Assim, a busca pelo diagnóstico da MH aponta uma sucessão de erros diagnósticos, delineando um percurso longo e tortuoso10. Entretanto, quando o tratamento é bem conduzido por equipes de saúde qualificadas e sensibilizadas para o problema, ocorre a redução das incapacidades6. Neste contexto, destacamos a relevância da assistência de enfermagem na prestação dos cuidados aos pacientes atingidos pela doença, com ações para o autocuidado, bem como para a prevenção das incapacidades, entre outras.
Referente ao número de nervos afetados, foi constatado que 22% (n=26) dos pacientes tinham de 1 a 3 nervos afetados. Porém, a RP apontou que os casos de pacientes com mais de 3 nervos afetados possuem 17 vezes a prevalência de desenvolverem incapacidades físicas decorrentes da MH, em relação aos pacientes com até 3 nervos afetados (p-valor < 0.05). Resultado que revela forte associação dessa variável com o GIF 1 e 2. O comprometimento neural também foi relatado em outros estudos6, 15, 18,20.
Quanto ao número de nervos afetados relacionados ao GIF outros estudos também observaram associação estatística dessa variável com o GIF: Em Aracaju 55,5% dos casos tinham mais de 2 nervos afetados e estes apresentaram risco de 6.7 de incapacidade quando comparados aos que possuíam até 2 nervos acometidos19; em MG a ocorrência de um ou mais nervos afetados aumentou o risco em 8,4% de desenvolver grau 2 de incapacidade20; na Etiópia observou-se que os casos com dano no nervo foram mais propensos a desenvolverem incapacidades e apresentaram 13.1 vezes maior risco18.
Assim, o número de nervos afetados está significativamente associado ao aumento do risco de comprometimento físico20, como evidenciado em estudo sobre fatores relacionados à prevalência de incapacidades físicas o qual mostrou que pacientes com GIF 1 tiveram em média de 2 nervos afetados, já os com GIF 2 a média duplicava, passando a 4 nervos15.

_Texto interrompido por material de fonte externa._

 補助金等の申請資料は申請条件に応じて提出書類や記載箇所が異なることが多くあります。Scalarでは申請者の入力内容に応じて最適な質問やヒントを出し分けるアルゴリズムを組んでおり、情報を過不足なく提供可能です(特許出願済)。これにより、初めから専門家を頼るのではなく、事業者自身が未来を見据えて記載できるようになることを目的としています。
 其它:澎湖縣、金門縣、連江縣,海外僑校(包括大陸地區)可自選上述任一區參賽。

Tais resultados demonstram que a lesão do nervo está associada às incapacidades físicas. Desse modo, a monitorização regular da função do nervo, combinado com o manejo clínico adequado das neurites, neuropatias e reações hansênicas, são estratégias eficazes para prevenir-lás1, 15,19.
A frequência de neuropatia aumenta significativamente, em casos com diagnóstico tardio e em pacientes com maior número de nervos comprometidos20. Em nossa análise, essa variável apresentou as chances mais precisas de desenvolver incapacidade física, logo, o número de nervos espessados deve ser avaliado e sua importância prognóstica reconhecida.

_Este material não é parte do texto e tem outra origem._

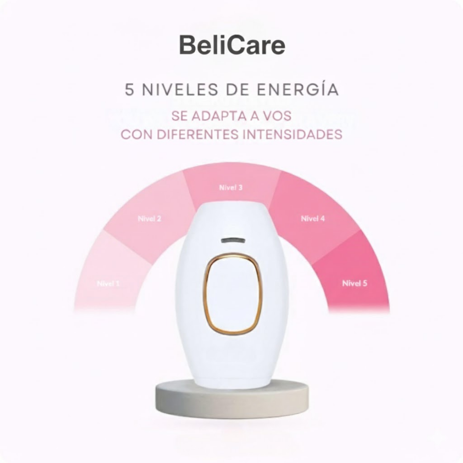 Nuestra Depiladora BeliCare utiliza tecnología láser permanente que reduce y elimina progresivamente el crecimiento del vello, ofreciendo resultados duraderos.
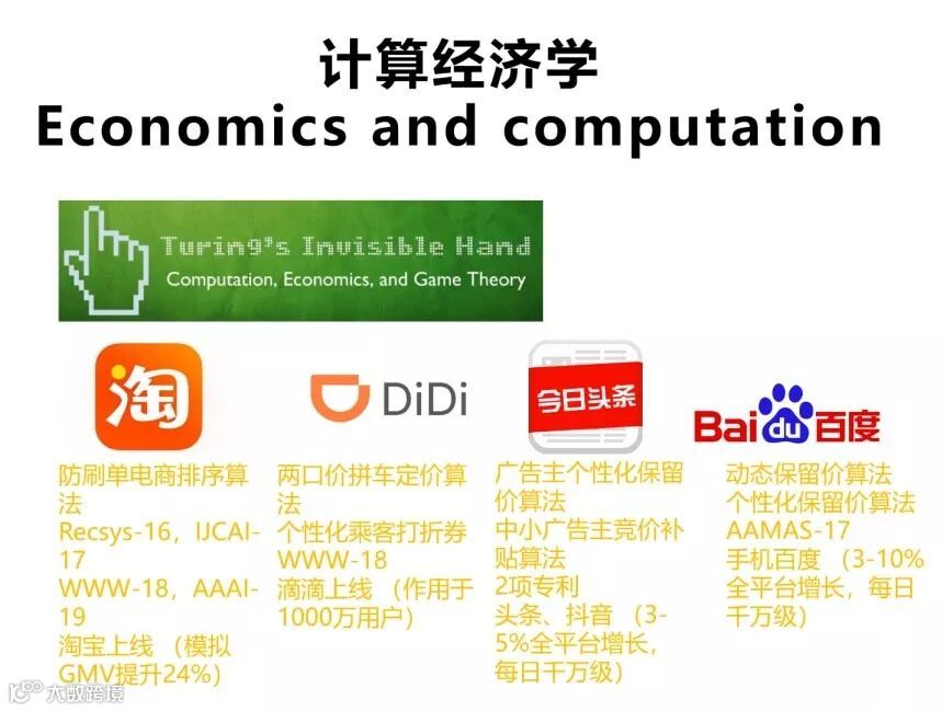 紧接着,唐平中教授为大家介绍了AI算法与市场结合的几个实际应用,分别是百度搜索广告中的保留价项目,淘宝平台的防刷单流量分配算法以及滴滴拼车的动态定价算法等等。

Este estudo apresenta limitações e fragilidades, pois envolveu apenas uma Unidade de Referência em Dermatologia Sanitária e dados secundários que, devido a lacunas nos registros de algumas variáveis, nos prontuários, podem ter gerado algum viés aos resultados.
CONCLUSÕES
Os graus de incapacidades físicas 1 e 2, estão relacionados à classificação operacional MB (RP=7.2), baciloscopia positiva (RP=2.0), episódios reacionais (RP=2.4) e número de nervos afetados (RP=17). Essas características clínicas, em especial, o número de nervos afetados podem predizer resultados deletérios, logo necessitam de maior atenção dos profissionais de saúde.
Acreditamos que o conhecimento das variáveis clínicas relacionadas ao GIF apresentadas neste estudo pode oferecer subsídios para o estabelecimento de intervenções voltadas ao seu manejo, controle e prevenção, bem como auxílio para ampliação do campo de pesquisa em MH no estado.

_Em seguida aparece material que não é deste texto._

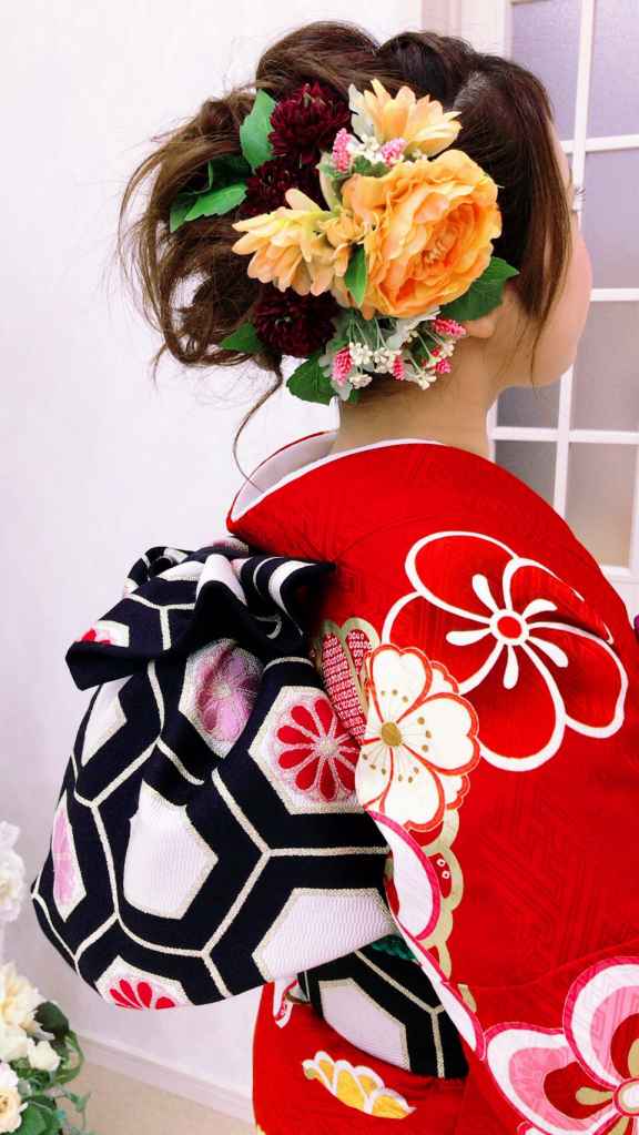 成人式の髪飾り承り中です。お着物を試着した写真をご持参ください。
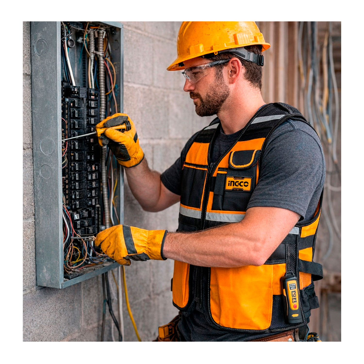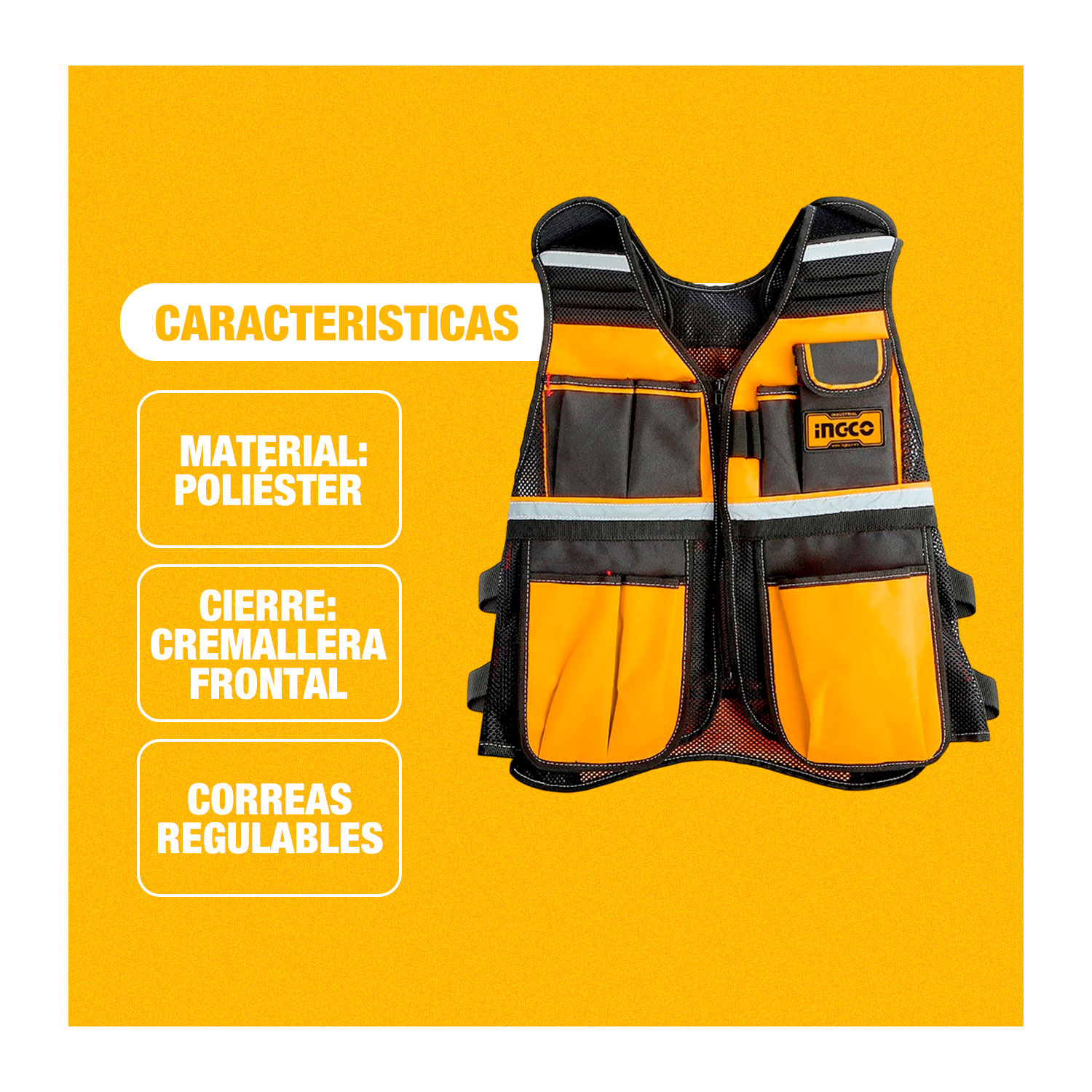 El INGCO HTVT0901 es un chaleco porta herramientas multiuso diseñado para mantener tus herramientas organizadas y siempre a mano mientras trabajas; está fabricado en poliéster resistente con malla de aire transpirable, cuenta con 7 bolsillos y múltiples compartimentos, correas ajustables en hombros y cintura para mayor comodidad y puede soportar hasta 3 kg de herramientas, lo que lo hace ideal para técnicos, carpinteros, electricistas y aficionados del bricolaje que necesitan accesibilidad y eficiencia en sus tareas

Existem lacunas na operacionalização da assistência às pessoas atingidas pela doença. A atenção básica deveria ser a porta de entrada, no entanto, apresenta capacidade operacional reduzida referente às ações de controle da patologia. Faz-se necessário os gestores planejarem ações de combate à MH nos municípios em conformidade com as políticas públicas vigentes.